Get Out of The Way

Lately, our trainer has been trying to hold horses for us to ride in our lessons. When we get to the barn at 1 pm on a Saturday, it’s pretty hectic and our usual mounts have often already had their quota of rides for the day, leaving us with few options. After a difficult lesson a few weeks ago before Thanksgiving, this week she tried to get a horse for me that I love and feel comfortable on–either Jasper or Summer–to make sure I’d have a better and more confidence-boosting ride this time.
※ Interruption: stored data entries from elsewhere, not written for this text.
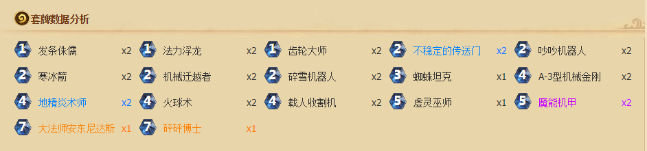 这套卡组引用了A3的续航、大法师以及虚灵老道,基本上不需要过牌还能保证一定的续航,其实就是加快版的机械法,对于我这种卡手的人来说,根本没有说好得人与人之间信任,全TM是套路,5费让王牌蹦掉,双魔能就不用说了,他和魔能德的区别就是,他没有那么天湖跳费,所以他的魔能仅仅是可以丢失的棋子的类型,但是可以增加自己强度,还不至于被目前毒瘤横行的快攻直接打死,有点介于恶魔和佛祖的中间的感觉。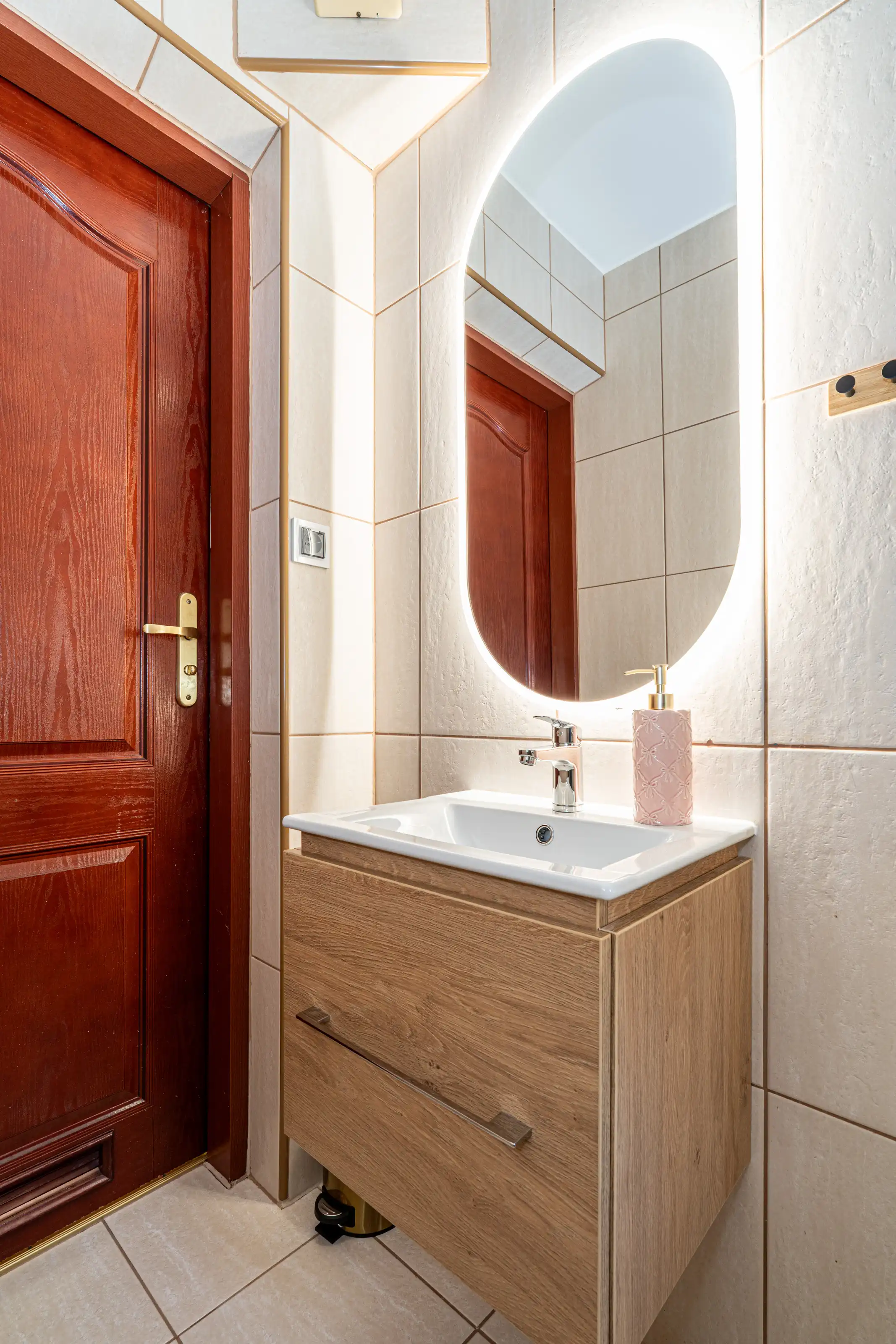 Łazienka I: wanna, WC, umywalka, lustro, suszarka do włosów.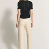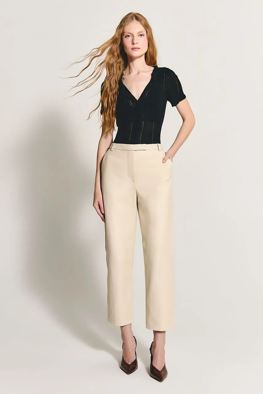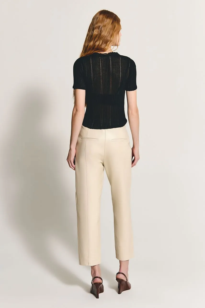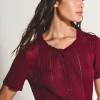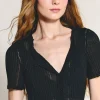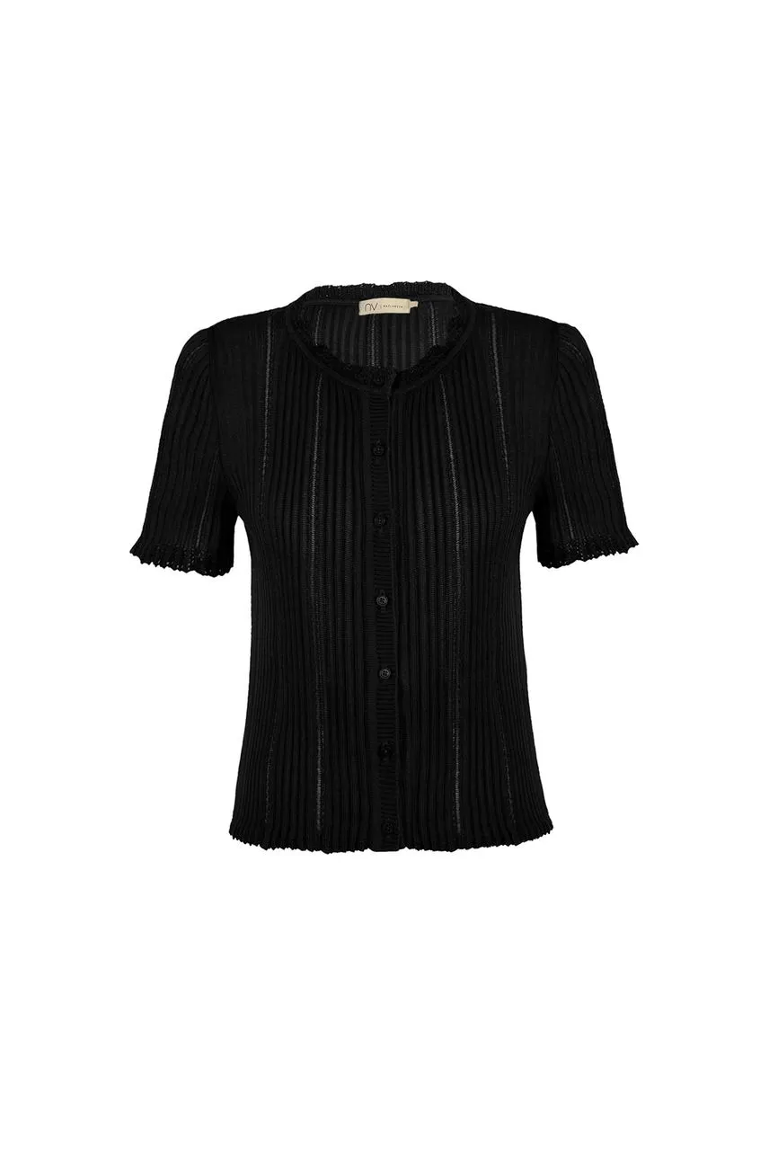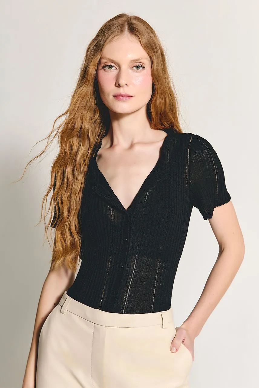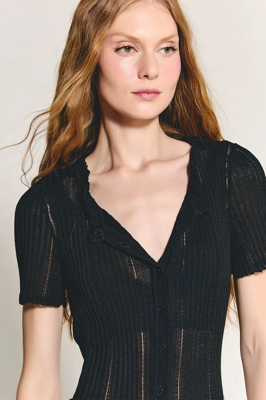 Blusa manga curta em tricot leve com modelagem regular, fechamento frontal por botões e decote com acabamento de frufru.

Jasper was already being ridden and Summer would be used in a horse show at the barn the next day, so that left me with only the more challenging options–basically, the two ex-racehorse mares, Sparkling Gal and Misfit, and another mare named Star that we’d never seen before. Riding Buddy, being the more adventurous of us lately, chose to try out Star, who was a tall, lovely chestnut with a big jump. Deciding between the more mental/emotional difficulty of keeping skittish Sparkle calm in a crowded ring, or the more physical challenge of slowing the calmer but still strong Misfit in the same environment, I chose the latter. I was slightly rattled, having expected an easier mount. Sitting there, hemming and hawing over what seemed like all bad options, I was annoyed at myself. There was a time when I’d ride anything in the barn. I don’t like to think of myself as a tentative rider.
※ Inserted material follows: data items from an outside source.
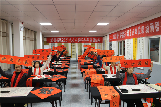 春節(jié)前夕,鄲城縣的書法家和書法愛好者們便更顯活躍,他們進(jìn)機(jī)關(guān)、進(jìn)企業(yè)、進(jìn)社區(qū)、進(jìn)學(xué)校、進(jìn)農(nóng)村,把富有中國特色的新春祝福,富含中國傳統(tǒng)文化的春聯(lián),送到千家萬戶。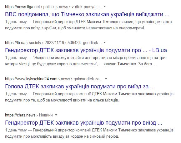 19 листопада на сайті Бі-бі-сі з’явилася новина із заголовком «Їдьте, якщо можете, щоб заощадити енергію — бос української енергетики». В новині цитували генерального директора компанії ДТЕК Максима Тімченка, який дав Бі-бі-сі інтерв’ю. Більшість слів із цієї розмови була наведена в переказі, відеоінтерв’ю з Тимченком не публікували. В матеріалі використали чотири фрази представника ДТЕК прямою мовою, дві з них безпосередньо стосувалися необхідності виїхати або зменшити споживання електроенергії для збереження стабільності роботи системи.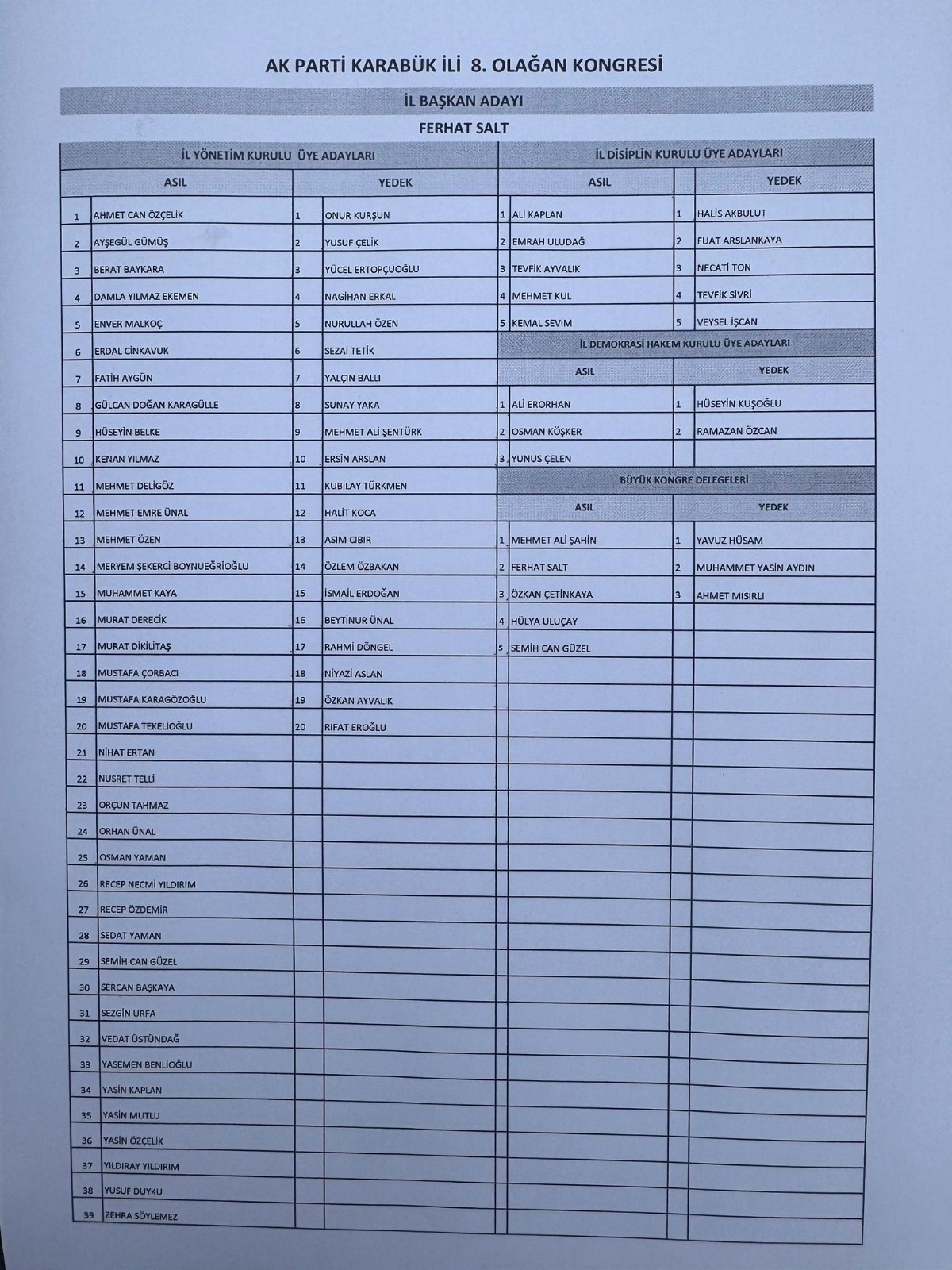 Ferhat Salt liderliğindeki AK Parti Karabük İl Başkanlığı’nın yeni yönetiminde 39 asıl üye belirlendi. Ahmet Can Özçelik, Ayşegül Gümüş, Berat Baykara, Damla Yılmaz Ekmen, Enver Malkoç, Erdal Cinkavuk, Fatih Aygün ve Gülcan D. Karagülle ve daha birçok ismin yer aldığı bu geniş kadro, partinin yerel siyasetteki etkisini artırmayı hedefliyor.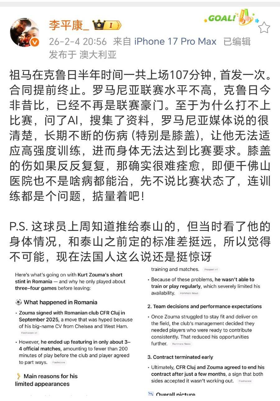 关于网传山东泰山队引进前切尔西球星祖马,各方的不同观点,什么人着急了,什么人说谨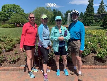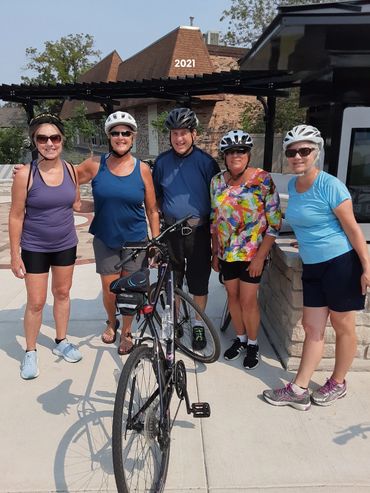 We had about 20 people. Around 2 o’clock, the bikers left to go down the bike trails. It was very hot, humid, and in the mid 90's. After the 2 hour bike ride, we had shish kebabs and played some outdoor games. Mike and Michelle supplied the main dish, drinks with some side dishes and we had a few people bring some desserts and salads. We had a little baker, Emma, who was able to bike 4 miles. Jim ended up having an issue with his bike chain falling off, but he was able to quickly catch up to everyone.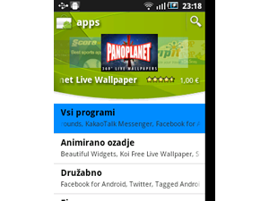 Prikažejo se kategorije, v katerih se nahajajo aplikacije.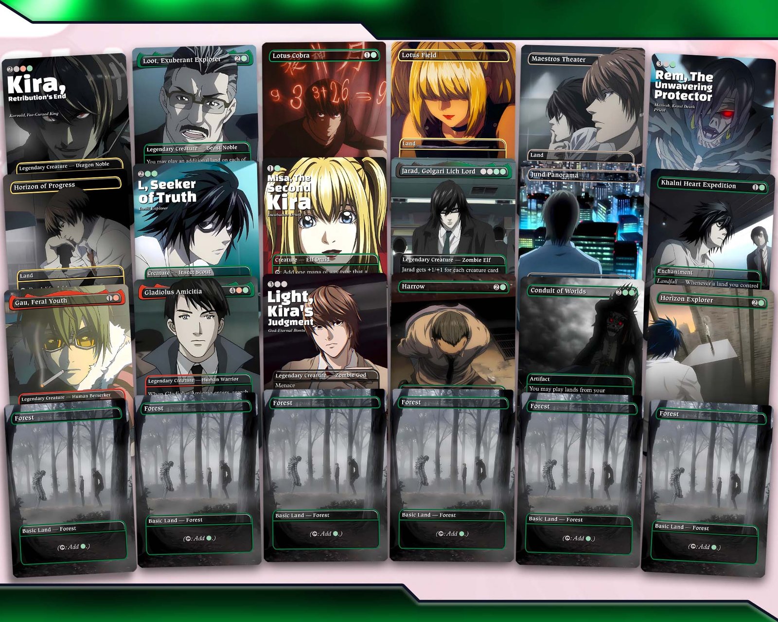 ✨ Unique Custom Artwork – every proxy card themed with Death Note–inspired visuals.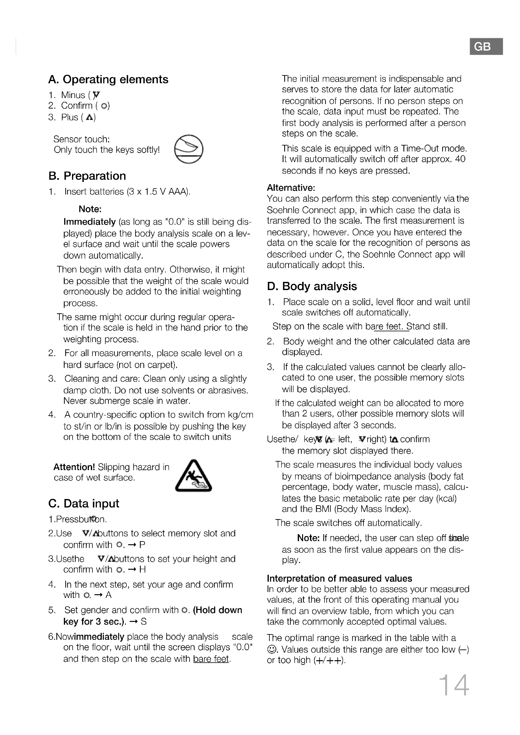scale on the floor, wait until the screen displays "0.0" and then step on the scale with bare feet. The initial measurement is indispensable and serves to store the data for later automatic recognition of persons. If no person steps on the scale, data input must be repeated. The first body analysis is performed after a person steps on the scale. This scale is equipped with a Time-Out mode. It will automatically switch off after approx. 40 seconds if no keys are pressed. Alternative: You can also perform this step conveniently via the Soehnle Connect app, in which case the data is transferred to the scale. The first measurement is necessary, however. Once you have entered the data on the scale for the recognition of persons as described under C, the Soehnle Connect app will automatically adopt this. D. Body analysis

When we started the lesson, I remembered how much I liked Misfit the one time I’ve ridden her previously. She’s quite sane for a Thoroughbred mare, sensible and comfortable to ride. She wasn’t fazed by the crowded ring and didn’t seem interested in charging around.

Misfit’s biggest challenge is getting the correct lead on her right lead canter. In contrast to the last time I rode her, she and I both seem to have strengthened our muscles a great deal. The last time I rode her, back in July, my body was totally different. I was ten pounds heavier then, had no muscle tone, and as a result my muscles were very tight and cramped. That made it difficult for me to sit up and marshal her through the tight circle we canter on to keep her from switching to her more-comfortable left lead. But this time I had so much more strength and control. Last time felt like a sloppy mess; this time I felt like a rider, like I was working hard to get something done but I actually had proper form doing it as well. As for Misfit, I could definitely feel the difference in her as well. They have been working with her a lot more recently at the barn to strengthen her right lead and the results are apparent. Her balance is improved, her bend is more flexible. She didn’t break once in the canter and didn’t once get flustered and switch to her other lead. I was very proud of us both.

After the difficult right lead, it’s a reward to get to canter her on her left. Her canter is smooth and comfortable and propulsive without being manic.

As we prepared to jump, I found myself with those little prickles of doubt and worry creeping up on me. I know that Misfit can get a little fast on the approach and take a big jump and that made me a bit nervous. The important part of that sentence is that I said I felt nervous, and not anxious. I realized the distinction on the drive home from our lesson. When I say that I felt nervous this time around, the difference from the anxiety I’ve felt before was that it was more easily dispelled. The nervousness was a state I was in relating to a specific thing; I was nervous to take the jump because sometimes Misfit gets fast. The anxiety I’ve felt before has been, I think, triggered by situations such as this that might normally cause nervousness, but the feeling has grown out of proportion and has expanded to encompass larger, more global fears about myself and about life and because of that it has taken over and shut me down. Nervousness doesn’t shut me down. I just say to myself, “What’s the worst that will happen? She’ll get fast. You’ll slow her down.”

Nervousness is in my mind; it is a thought that can be dealt with rationally. Anxiety is everywhere, a fear that I feel throughout my entire body. Horses are very sensitive to this; they can feel agitation in the rider and that agitates them in turn. Because I didn’t have that bodily response, I didn’t infect Misfit with it. As a result, she didn’t even get fast over the jumps. She took them beautifully. And because she was taking them beautifully, so did I. My trainer said my equitation–something I’ve felt I’ve always struggled with because I’m generally more focused on getting the job done than looking pretty while I do it–was perfect. She keeps telling me that when I don’t put up these mental blocks, that when I get out of my own way, I’m a great rider. It’s been hard for me to feel that for a long time, but today I felt it.